I recently picked up a copy of one of Joel Whitburn's Billboard charts books (specifically The Billboard Book of Top 40 Hits, 7th edition), which I find endlessly fascinating. The one I have lists as an appendix the biggest hit singles of the rock era up to 2000 (I got this at a used bookstore), and there is something that I find inexplicable about this. The top nine singles of all time by Whitburn's reckoning all date from the decade of the 1990s. Then there's "Don't Be Cruel" (by Elvis, not by Bobby Brown or Cheap Trick), followed by two more 1990s hits. Then those 1990s hits are followed by three more 1950s hits (none of them by Elvis), such that every single one of the Top Fifteen hits of all time dates from either the 1990s or the 1950s. Finally breaking the string is Olivia Newton-John's "Physical."

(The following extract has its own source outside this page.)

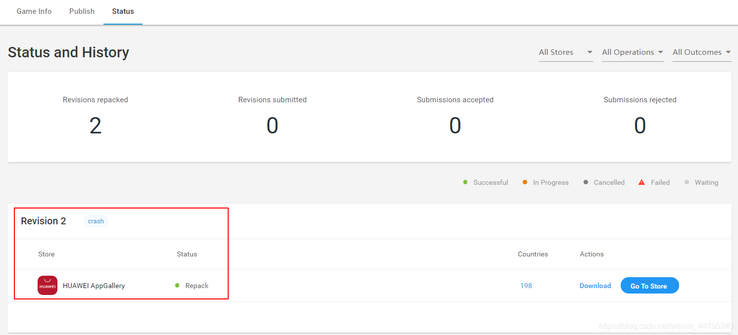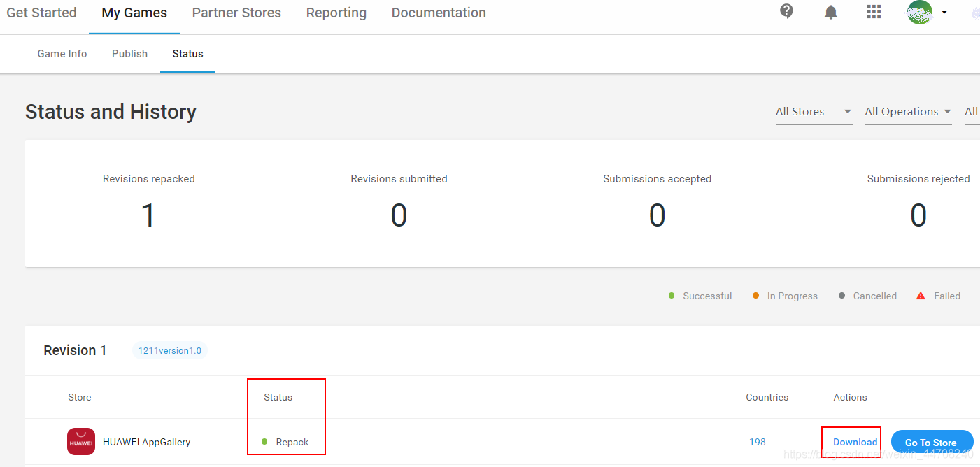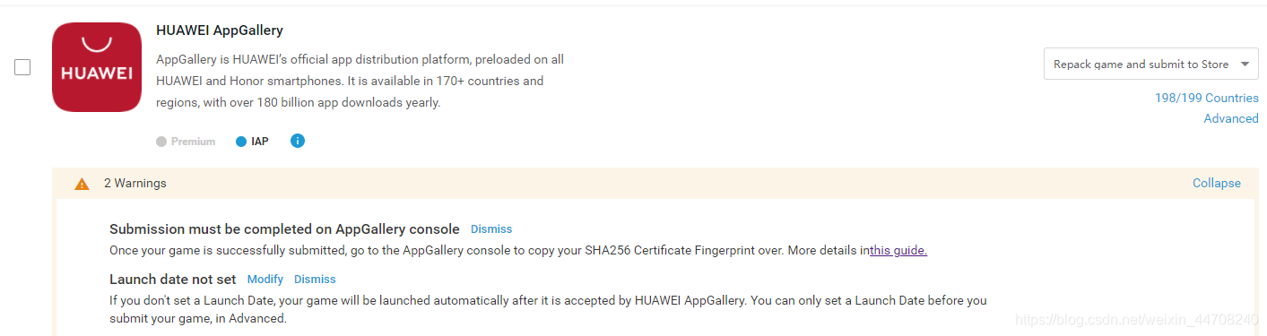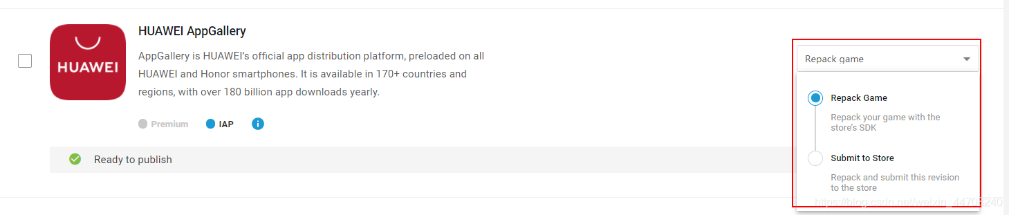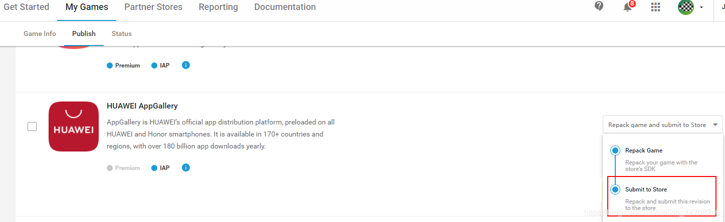 备注下:之前我一直以为选择“Repack Game”后自测包没有问题后,可以通过“Go to Store”直接去华为这边提交审核,但是实际操作发现跳转过去后游戏信息、商品等信息都是没有的,需要自己再填写一遍。因此这种操作是非常不推荐的。主要有以下几点:

I've been trying to figure out why that would be; there must be something structural in the pop charts and the way people buy music that would have made the 1990s (and I'm guessing the 2000s) so dominant in this category. The only thing I can think of is that whereas every song released in the 1960s and 1970s made an effort to become a pop hit, many successful modern-day acts make no effort to dent the pop charts, leaving that field for pure pop acts like Mariah Carey. But I don't really know.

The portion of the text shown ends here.